* **Data to examine**
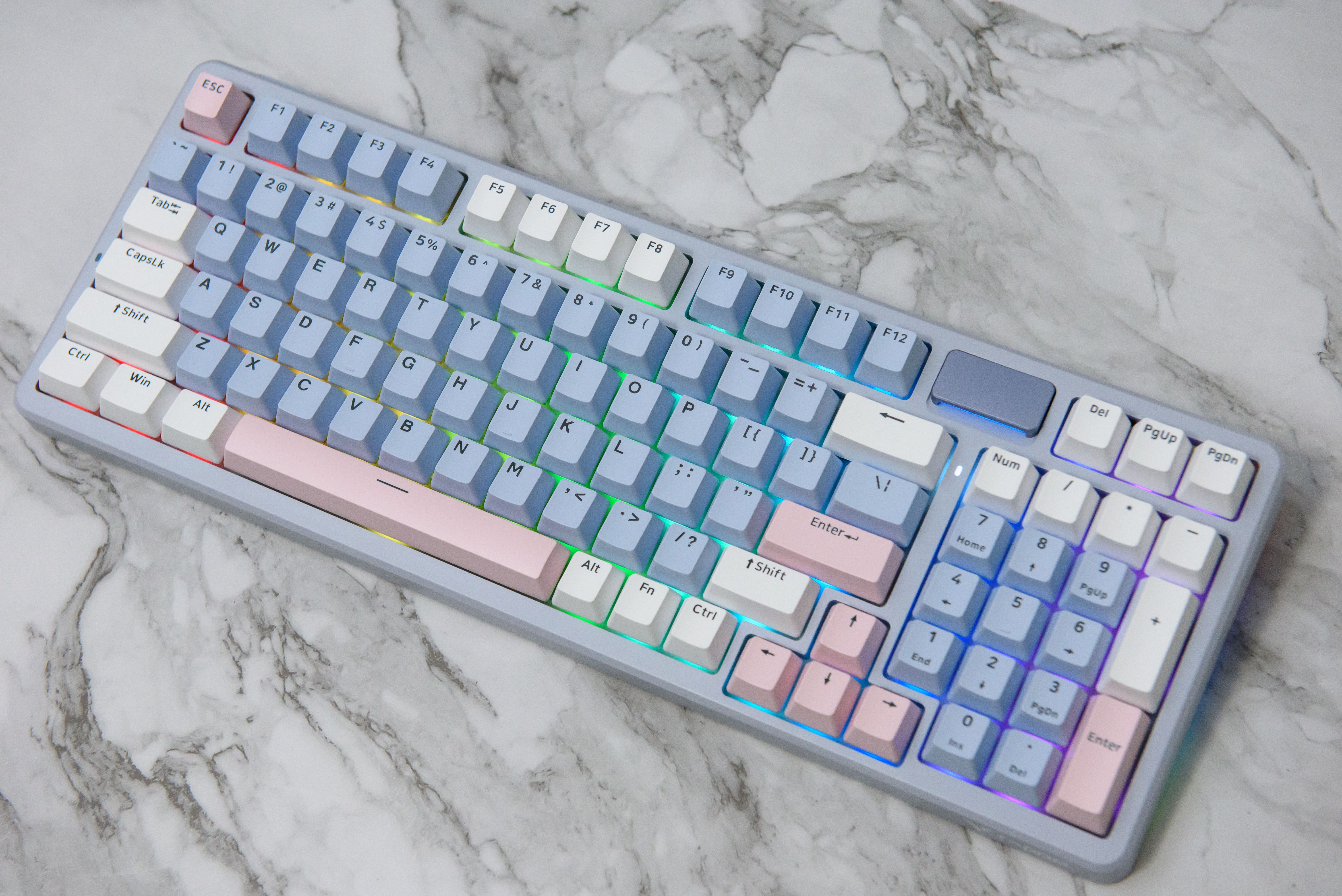 ▼雷柏V700DIY-98长续航版本保持了98配列方案,紧凑的布局为鼠标操作腾出更多的空间, 拥有初号骑士、莫奈仙踪、幻影机甲三种配色。
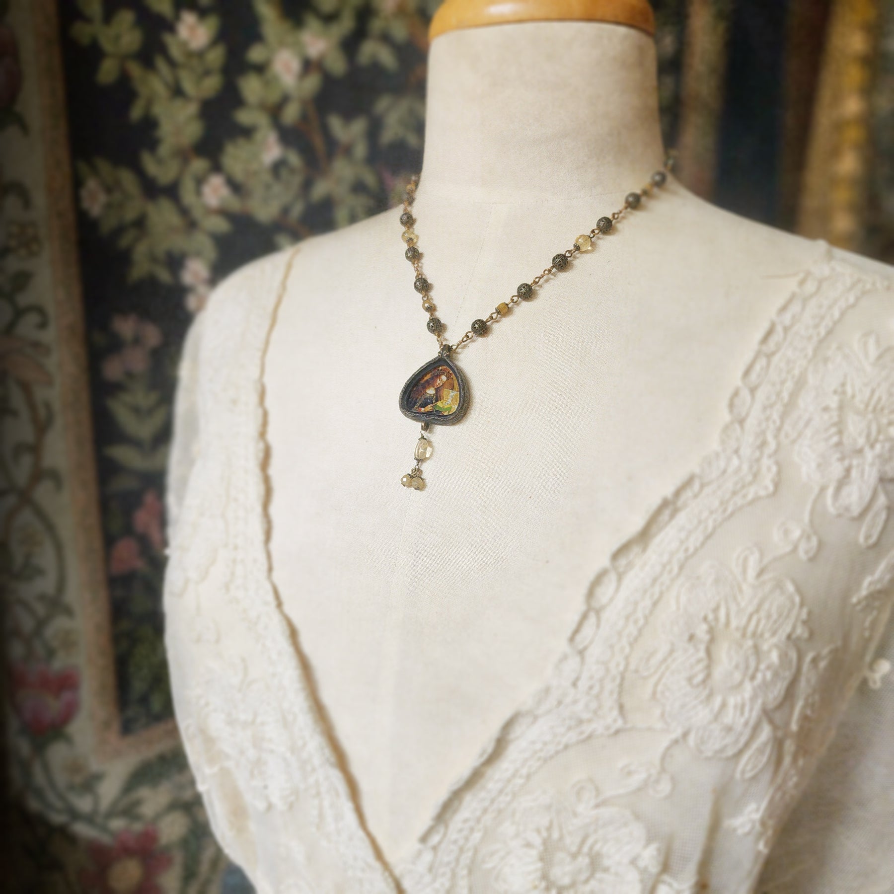 This one-of-a-kind amulet is just over an inch at widest, 2 1/4 inches long including beads. The faceted tourmaline, citrine, iridescent glass & antiqued filigree beaded chain measures @ 18 inches.
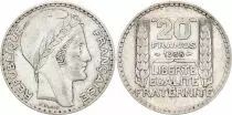 Cette pièce de monnaie est une pièce de 20 francs, frappée en argent et émise par la France. Elle date de l'année 1938.
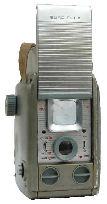 The Sure-Flex camera was manufactured by Ace Camera in Mumbai, India in circa 1960. Similar to the Anscoflex II. An all metal reflex style camera capable of capturing 6 x 6 cm exposures on no. 620 roll film. Fitted with an Ace Smitar 75mm lens. The camera has settings for black-and-white film or color, closeups, a yellow filter and shutter speed. Fairly uncommon model.
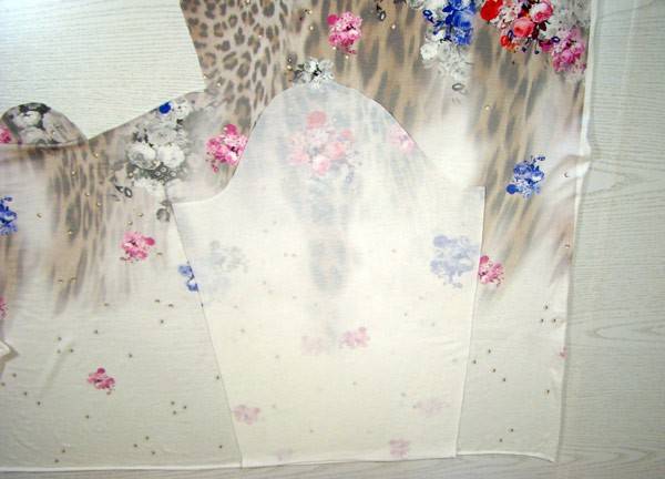 Для туники кроме обычного шифона можно взять креп шифон или вискозный шифон, а также штапель, батист, шелк и хлопок. Выбирать ткань нужно однотонную или с хаотичным рисунком, поскольку, пошив предполагает цельный отрез материи. Принт имеющий конкретное направление (вертикальный, горизонтальный, угловой) может при перевороте выглядеть странно и даже нелепо.
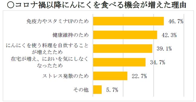 にんにく関連の香辛料・調味料の市場は、新型コロナウイルスの流行以降拡大傾向にあり、2020年には80億円を突破し、2022年も約87億円と高い数字で推移しています。 (※2)にんにくを食べる機会が増加した方へのアンケート結果から、健康維持への期待や、在宅時間が増えたことでにおいを気にしなくなったことなどが、にんにくの需要を加速させたと推察します。

* **Work instructions**
Pictures aside, repeat every line of the data above exactly.

* **Exercise answer**
 ▼雷柏V700DIY-98长续航版本保持了98配列方案,紧凑的布局为鼠标操作腾出更多的空间, 拥有初号骑士、莫奈仙踪、幻影机甲三种配色。
 This one-of-a-kind amulet is just over an inch at widest, 2 1/4 inches long including beads. The faceted tourmaline, citrine, iridescent glass & antiqued filigree beaded chain measures @ 18 inches.
 Cette pièce de monnaie est une pièce de 20 francs, frappée en argent et émise par la France. Elle date de l'année 1938.
 The Sure-Flex camera was manufactured by Ace Camera in Mumbai, India in circa 1960. Similar to the Anscoflex II. An all metal reflex style camera capable of capturing 6 x 6 cm exposures on no. 620 roll film. Fitted with an Ace Smitar 75mm lens. The camera has settings for black-and-white film or color, closeups, a yellow filter and shutter speed. Fairly uncommon model.
 Для туники кроме обычного шифона можно взять креп шифон или вискозный шифон, а также штапель, батист, шелк и хлопок. Выбирать ткань нужно однотонную или с хаотичным рисунком, поскольку, пошив предполагает цельный отрез материи. Принт имеющий конкретное направление (вертикальный, горизонтальный, угловой) может при перевороте выглядеть странно и даже нелепо.
 にんにく関連の香辛料・調味料の市場は、新型コロナウイルスの流行以降拡大傾向にあり、2020年には80億円を突破し、2022年も約87億円と高い数字で推移しています。 (※2)にんにくを食べる機会が増加した方へのアンケート結果から、健康維持への期待や、在宅時間が増えたことでにおいを気にしなくなったことなどが、にんにくの需要を加速させたと推察します。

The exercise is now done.